The Legacy Behind the Peanut Butter Cup
H. B. Reese founded the H. B. Reese Candy Company in the 1920s in Pennsylvania after previously working for Hershey. His peanut butter cups became a breakout success, building a loyal following that would eventually transform the brand into a national staple. In 1963, Hershey acquired the Reese business, bringing the candy under its corporate umbrella while continuing to expand its distribution and marketing reach. Today, Reese’s is one of Hershey’s flagship brands and a major driver of revenue, particularly during seasonal peaks such as Halloween, Easter, and Christmas. The peanut butter cup is not simply another product line. It is a foundational part of Hershey’s identity in the U.S. confectionery market.
Corporate Pressures and Ingredient Changes
Hershey has not publicly confirmed any sweeping overhaul of the classic peanut butter cup formula. However, like many major food manufacturers, the company has introduced multiple product extensions in recent years, including seasonal shapes and specialty versions that may use slightly different formulations. At the same time, global commodity markets have seen volatility in cocoa and sugar prices, increasing pressure on food companies to manage costs. Across the packaged goods industry, manufacturers have responded to rising input costs in various ways, including adjusting recipes, resizing portions, or introducing alternative ingredients. These changes are typically disclosed on product labels and comply with regulatory standards, but they can trigger backlash when consumers perceive a decline in quality or authenticity.
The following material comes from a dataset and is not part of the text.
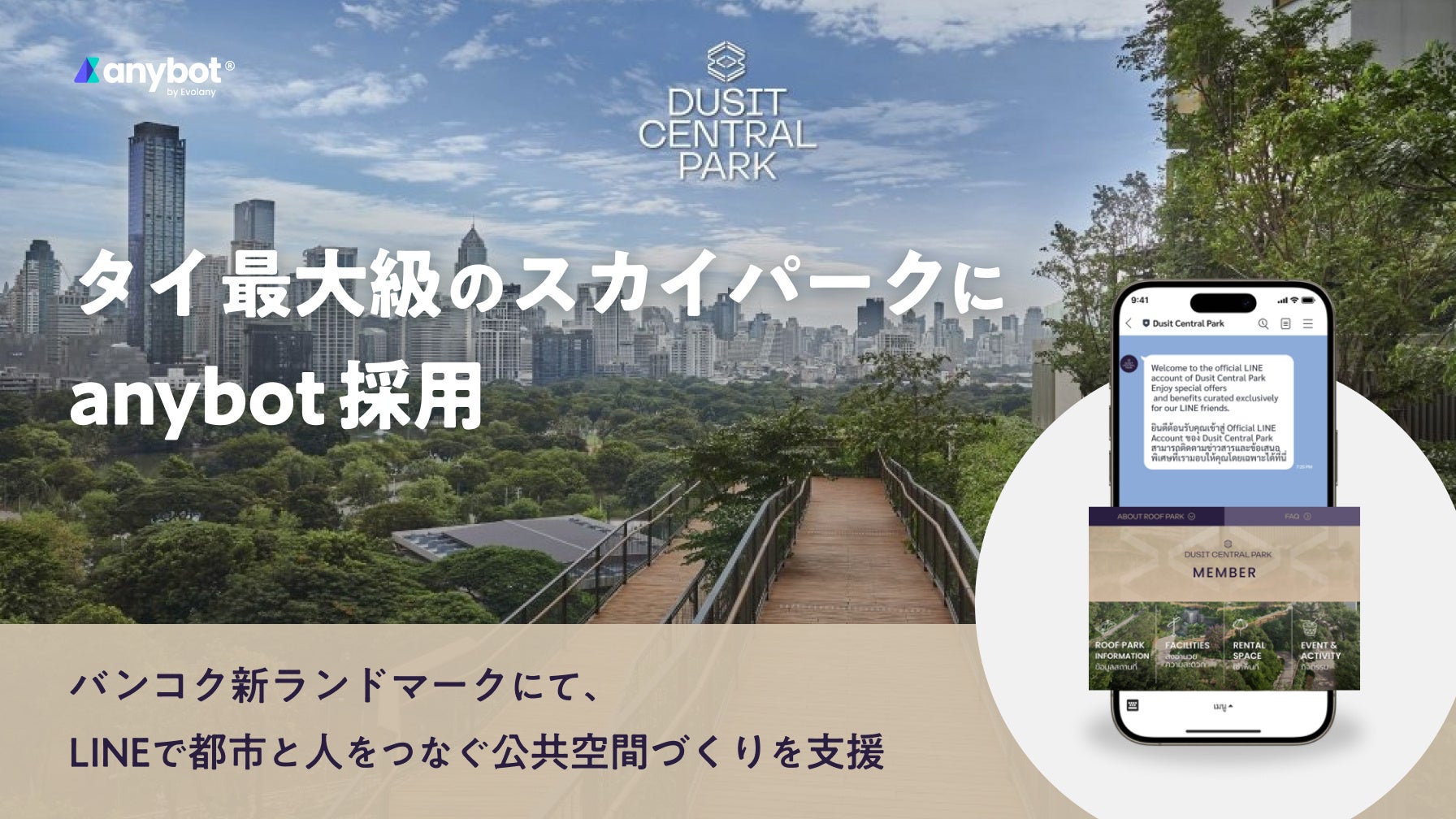 エボラニ株式会社(本社:神奈川県横浜市、代表取締役:宋 瑜)が提供するLINEミニアプリ・チャットボット開発ツール「anybot」が、タイ・バンコク中心部に誕生した都市型公園「Dusit Arun at Dusit Central Park」に採用されました。本取り組みは、誰もが安心して集える交流拠点を育て、繰り返し訪れたくなる公共空間づくりを支えることを目的としています。来園者はスマートフォンを通じて情報やサービスにアクセスでき、イベントや施設をより便利に利用できます。

A Broader Debate Over Brand Integrity
The criticism from a Reese family descendant highlights a broader question facing legacy brands. When a product is rooted in nostalgia and family history, even subtle changes can feel like a betrayal to longtime fans. Consumer loyalty often depends on consistency, and heritage products carry emotional value that extends beyond taste alone. For Hershey, the challenge lies in balancing corporate growth expectations with brand heritage. As a publicly traded company, it must answer to shareholders while maintaining trust among customers who expect the same experience they have known for decades. Whether Brad Reese’s allegations materially affect sales or brand perception remains uncertain. What is clear is that the debate touches on a larger issue reshaping the food industry: how companies adapt to economic pressure without undermining the legacy that made their products iconic in the first place.